As we embarked on our journey to refine the U-Net structural design, we recognized the importance of crafting a robust framework tailored to intricacies of lesion segmentation. We included two essential elements: a feedback mechanism embedded in the decoder blocks and an Ordered Statistics Layer for improved feature extraction. Our architecture is based on a carefully crafted U-Net model that can process 256 × 256 pixel input images. The structure is revealed through a number of thoughtfully built blocks. AttenUNeT X follows the standard encoderdecoder structure of U-Net with key architectural improvements.

Encoder

Sequential convolutional blocks extract features at multiple scales, activated via ReLU, and downsampled via max pooling. This helps the model capture hierarchical features of lesion texture and color. Two primary components make up the encoder, which is intended to gradually extract information from the input image. The ReLU function activates the convolutional layers used in each block. A max-pool layer that deliberately lowers dimensionality complements the convolutional layers with 32, 3 × 3 filters in the first encoder block. The model ability to take out pertinent skin tone is further improved in its second encoder block, when the number of filters increases to 64.

Order statistics layer

Positioned at the bottleneck, the OSL computes normalized maximum and minimum values across feature map channels and concatenates them to the feature representation. Lesions often show extreme intensities at their borders or cores. Capturing this distribution enhances the model’s ability to discriminate between lesion and background, particularly in low-contrast areas. We realized that a reliable way to extract and represent important characteristics from the input images was essential in our efforts to improve the design of U-Net for skin lesion segmentation. To fill this gap, we created the Order Statistic Layer, a brand-new element made especially for getting extreme values from the feature maps produced by the layers that use convolution. These extreme values might be either minimum or maximum. In order to properly define skin lesions, our model must be able to concentrate on both obvious characteristics and minute details, which is greatly aided by this layer. The inclusion of the Order Statistics Layer (OSL) is particularly beneficial in handling low-contrast lesions, where boundaries often blend into surrounding skin. Unlike global preprocessing techniques such as histogram equalization or contrast normalization, which apply uniform corrections across the entire image, OSL functions as a learnable and adaptive layer. This allows the network to dynamically capture local intensity distributions during training, thereby enhancing fine-grained boundary delineation in challenging cases.

Input tensor definition

With dimensions H × W × C, the input tensorX is where the process starts, where:

  • \(H\) is the feature map’s height.

  • \(W\) stands for the feature map’ width.

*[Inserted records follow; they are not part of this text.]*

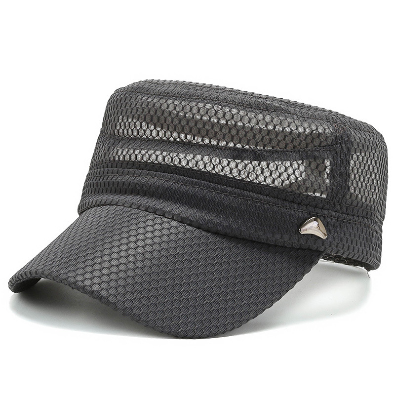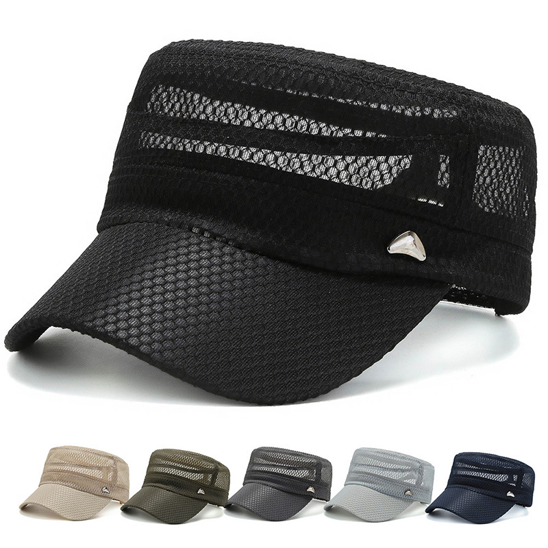 Summer Flat-Top Hat Men's Quick-Drying Middle-Aged and Elderly Peaked Cap Sun Hat Summer Hat Middle-Aged Breathable Net Cap Sun Hat Thin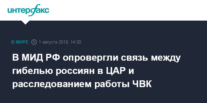 Москва. 1 августа. INTERFAX.RU - Официальный представитель МИД РФ Мария Захарова назвала абсурдными сообщения ряда СМИ о связи между гибелью российских журналистов в Центральноафриканской Республике (ЦАР) с расследованием деятельности в этой стране неких частных военных компаний.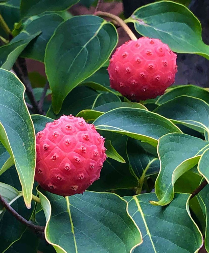 通勤途中で以前見かけた他所様のヤマボウシの花が、真っ赤な実をつけました❤️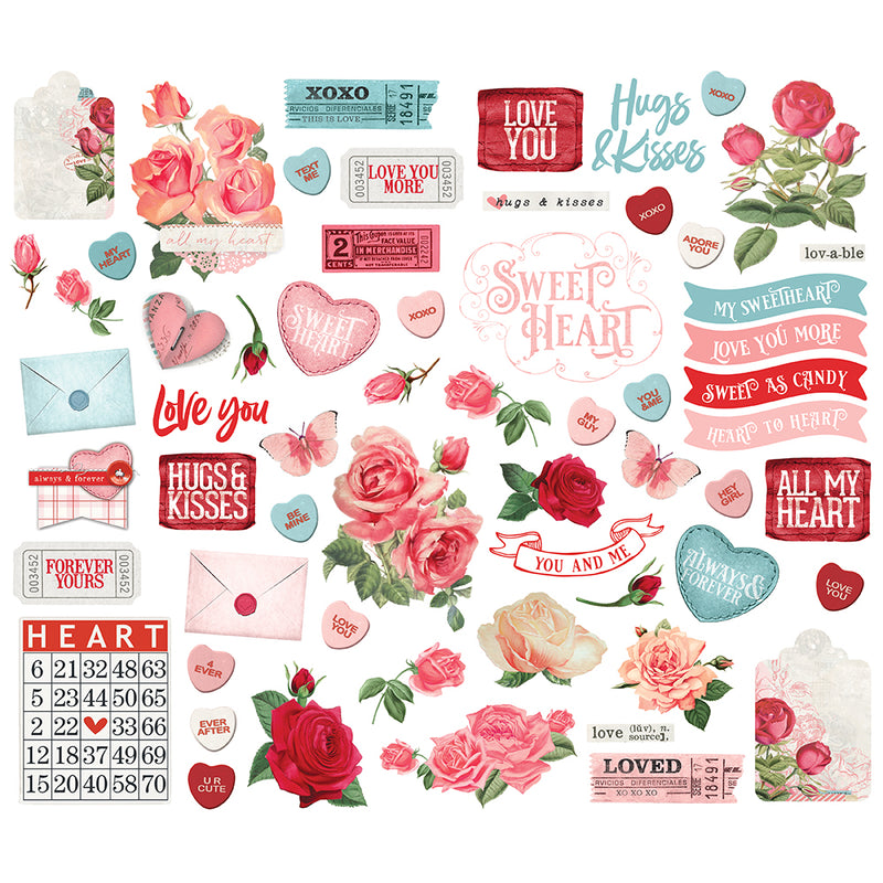 This collection comes with a beautiful line of Bits and Pieces, but the “My Sweetheart” patterned paper in this collection is full of gorgeous flowers that can provide additional decorative pieces by fussy cutting them. I used a few of those in clusters on my cards.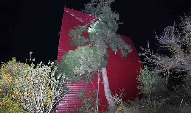 Mersin'de şiddetli rüzgar yerinden söktüğü bir evin çatısını uçurup çam ağacının üzerine savurdu, asırlık bir meşe ağacını da devirdi.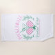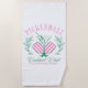 Cette serviette de plage de pickleball a une image d'art en ligne rose et verte de pédales de pickleball et un verre de martini entouré de branches de laurier avec l'expression "Pickleball Cocktail Club, Please Dink Responbly". Les couleurs utilisées sont le vert et le rose.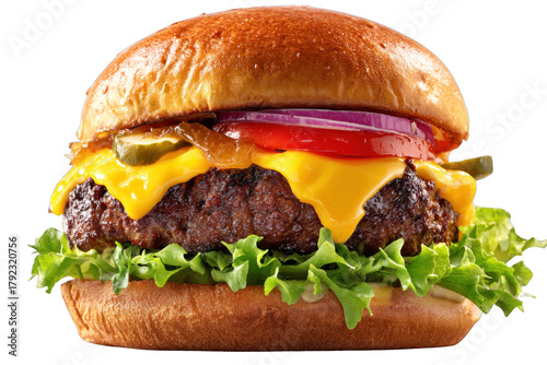 Gourmet Cheeseburger with Melted Cheddar and Fresh Toppings on Isolated Background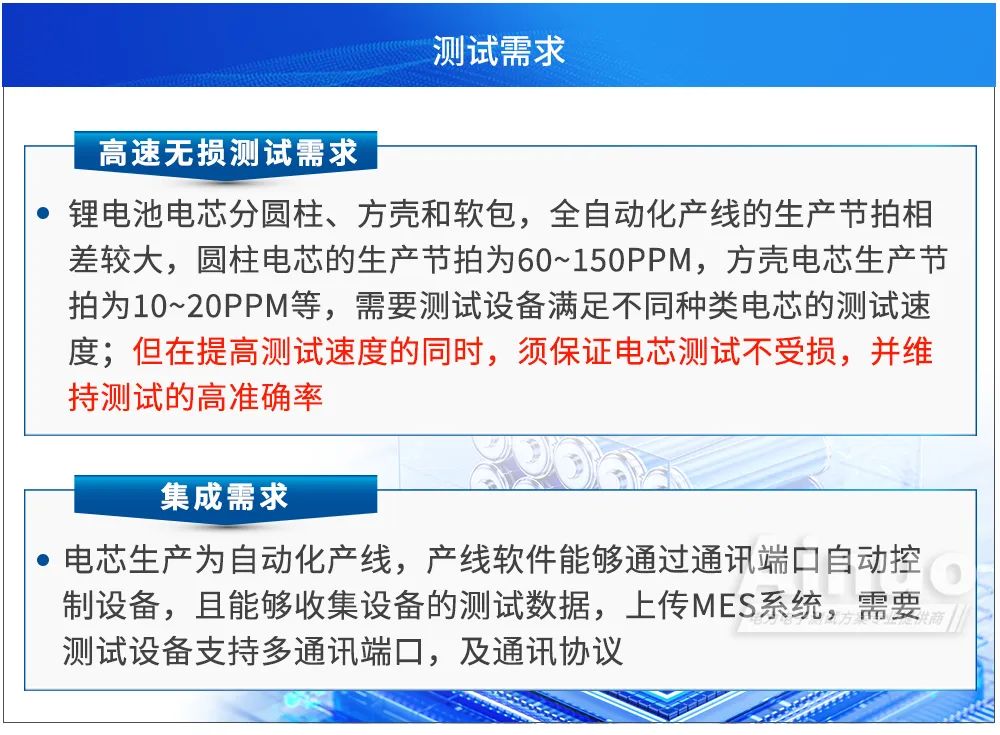 作为锂电池生产工艺流程中的核心工段,电芯组装的多个生产工序均需进行短路测试。但因锂电池种类多,相应的测试项目、参数等需求均不相同,增加了测试难度,具体需求如下:
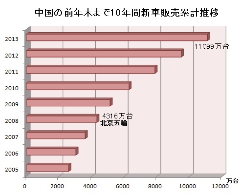 1月に始まった重篤スモッグ騒ぎ、師走になって中国政府もやっと大気汚染の底知れ無さを自覚したよう。国営新華社が異例の深刻ぶりを配信しました。小手先対応が無力なほど汚染源は経済発展に組み込まれています。同時に中国の新車販売が好調で今年2千万台を超えるニュースが駆け巡りました。クルマが主要汚染源であることは明らかなのに「3500万台も視野に入れる」と業界関係者がコメントする能天気に呆れます。グラフをお見せしましょう。中国で前年末まで過去10年間の新車販売累計がどう推移したか集計しました。北京市は北京五輪での青空回復を引き合いに出して「今回も乗りきれる」と主張しますが、2008年当時と比較にならない数のクルマが国内にひしめいているのです。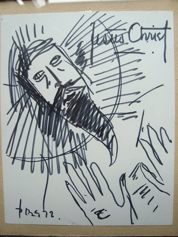 Peder Brøndum Sørensen (1931-2001): Opstandelses billede af Jesus 1972. Betitlet - "Jesus Christ" Tusch på papir. Sign.: PBS - 72. 18x15 (23x19)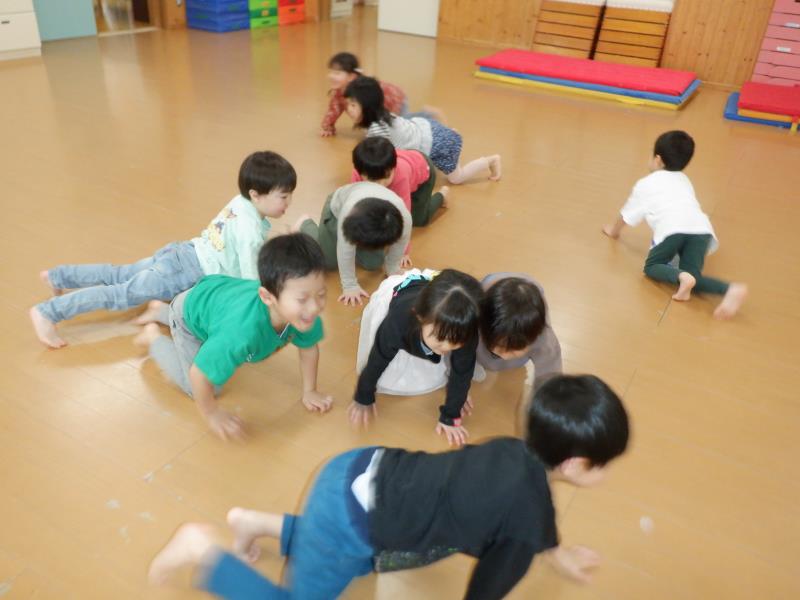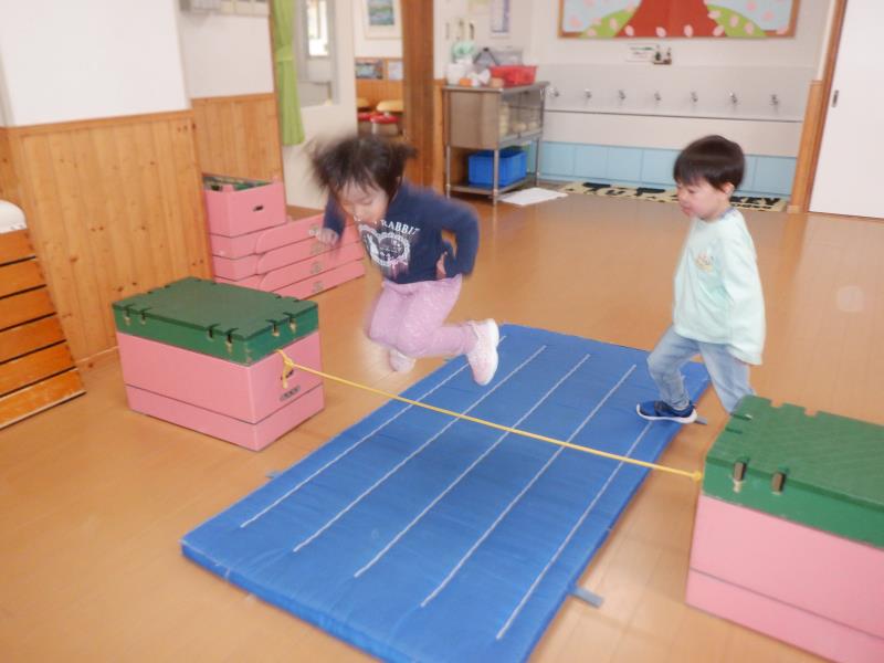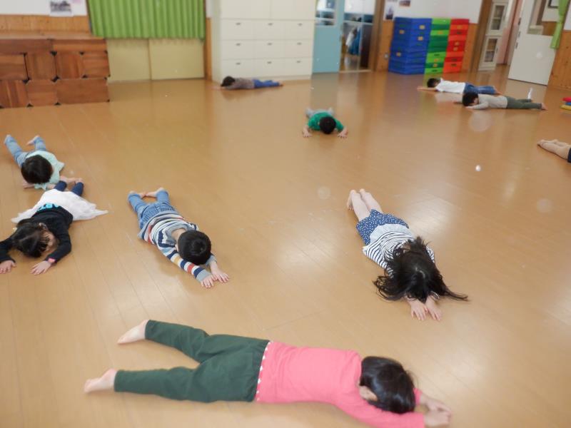 お遊戯室でリズム運動をしたあとは、いろいろな運動あそびに挑戦!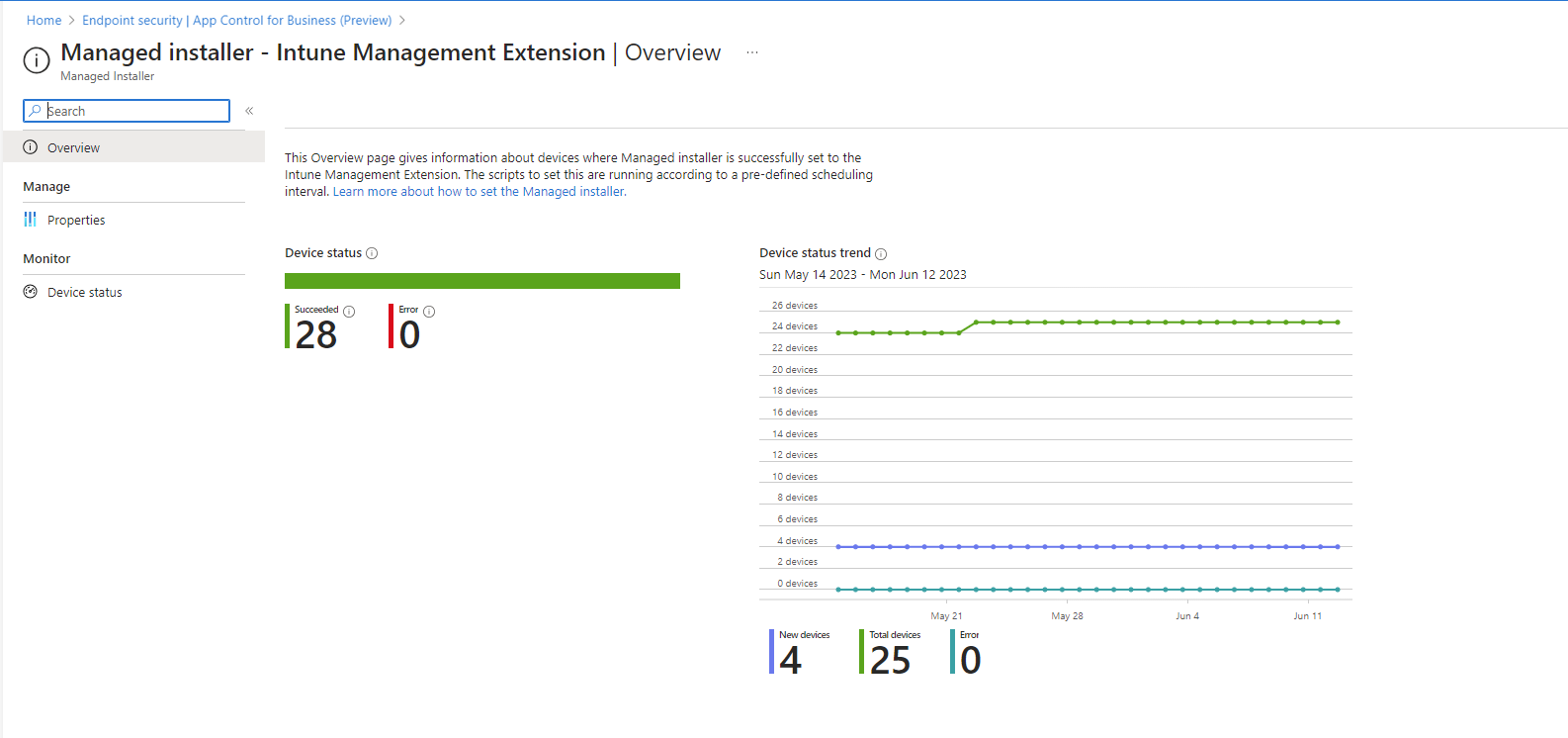 New devices aren't configured with the Intune Management Extension as a managed installer. This doesn't remove the Intune Management Extension as managed installer from devices that are already configured to use it.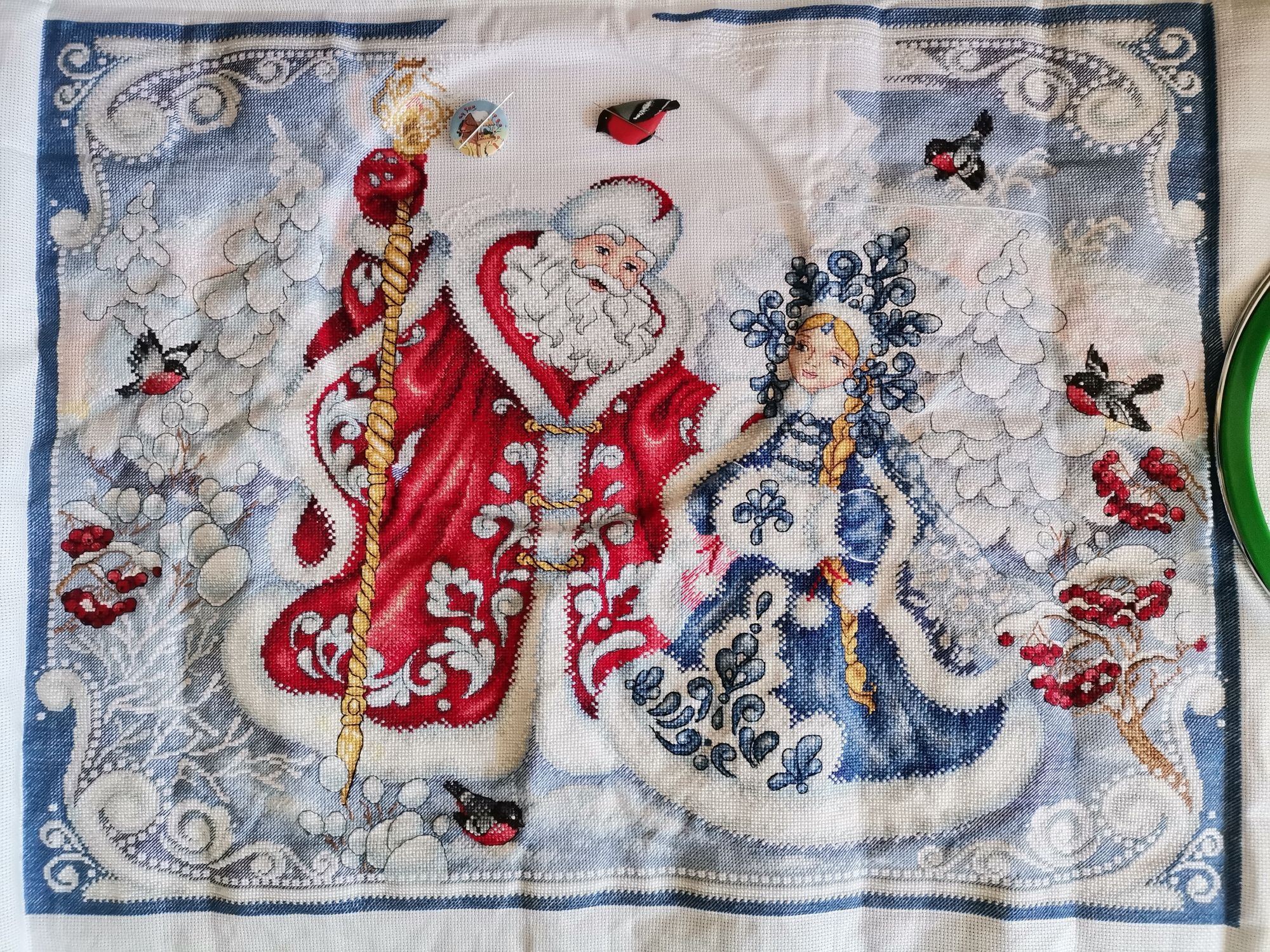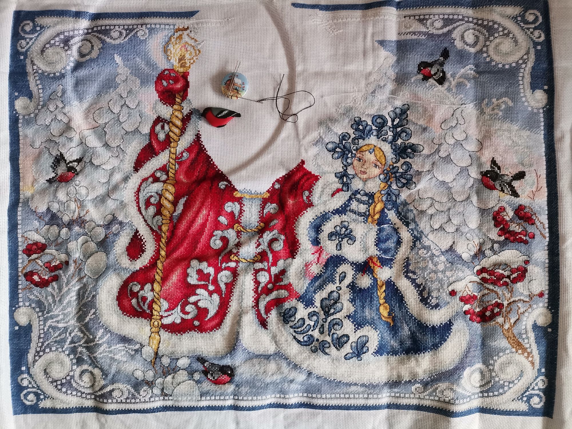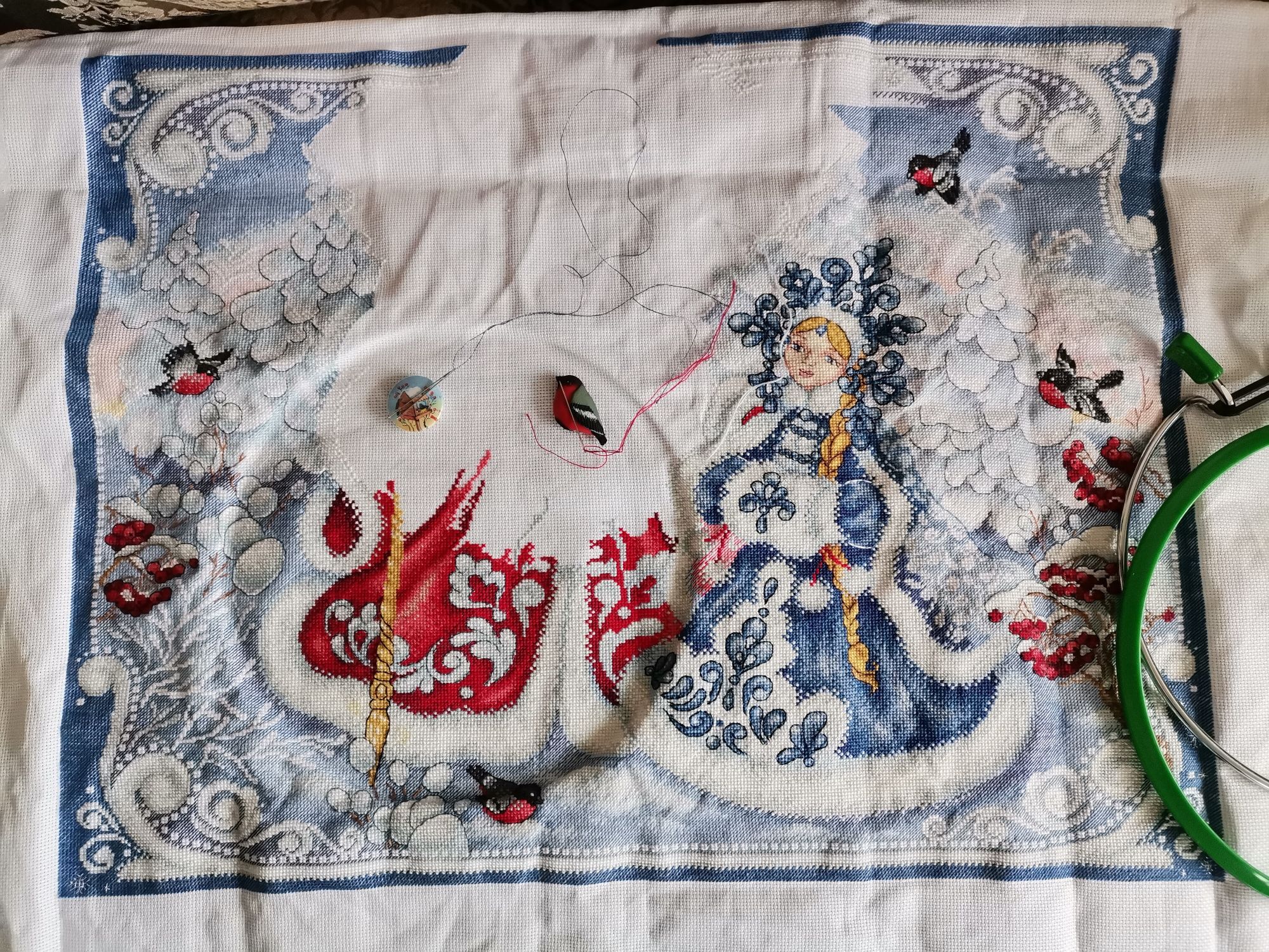 24 августа 2022 И таки да, свершилось, я его закончила но сначала сам процесс Ведь действительно сам процесс не сложный , но эти нитки меня просто доканали. Бэк на шубах, кокошнике и посохе делала крейником. Фрузики хотела заменить на бисер, но передумала и сделала как в инструкции с небольшим изменением в сторону удобства) по инструкции фрузик делать в одну нить и два обвития я же сделала в две нити и одно обвитие и с бисерной иглой, получились аккуратные и не стала делать снежинки в углах, показались лишними, на мой вкус) Однозначно это финиш года! На сим откланиваюсь! Всем хорошего настроения и крепкого здоровья Lenara, Zanfiska, BlueeYeS и 19 других сказали спасибо Поделиться сообщением Ссылка на сообщение

  • \(C\) is the feature map generated from the preceding convolutional layers has a channel count.

This tensor is a crucial tool for the segmentation process as it contains extensive information on the characteristics that were taken from the input image.

Calculation of Minimum and Maximum Values: In order to effectively collect the highest and lowest values that are important for the representation of features, we calculate the Optimized max and min thresholds throughout the contribution tensor’s channel dimension. These operations’ formulas are:\(H\times W\times C\)

$${\text{small}}_{{{\text{order}}_{{\text{k}}} }} = \frac{1}{k}\sum _{{{\text{i}} = 1}}^{{\text{k}}} {\text{min}}_{i} \left( {{\text{X}},{\text{ axis}} = - 1,{\text{ keepdims}} = {\text{True}}} \right)$$
(4)
$${\text{large}}\_{\text{order}}_{k} = \frac{1}{{\text{k}}}\sum _{{{\text{i}} = 1}}^{{\text{k}}} {\text{max}}_{i} \left( {{\text{X}},{\text{ axis}} = - 1,{\text{ keepdims}} = {\text{True}}} \right)$$
(5)

In addition, we scale the variation and lessen the susceptibility to outliers by normalizing these values:

$${\text{small}}\_{\text{order}}_{{{\text{norm}}}} = \frac{{{\text{small}}\_{\text{order}}}}{{{\text{large}}\_{\text{order}} + \in }}$$
(6)
$${\text{large}}\_{\text{order}}_{{{\text{norm}}}} = \frac{{{\text{large}}\_{\text{order}}}}{{{\text{large}}\_{\text{order}} + \in }}$$
(7)

Here:

  • \(small{\_\text{order}}_{norm}\) and \(large{\_\text{order}}_{norm}\) are the normalized minimum and maximum values.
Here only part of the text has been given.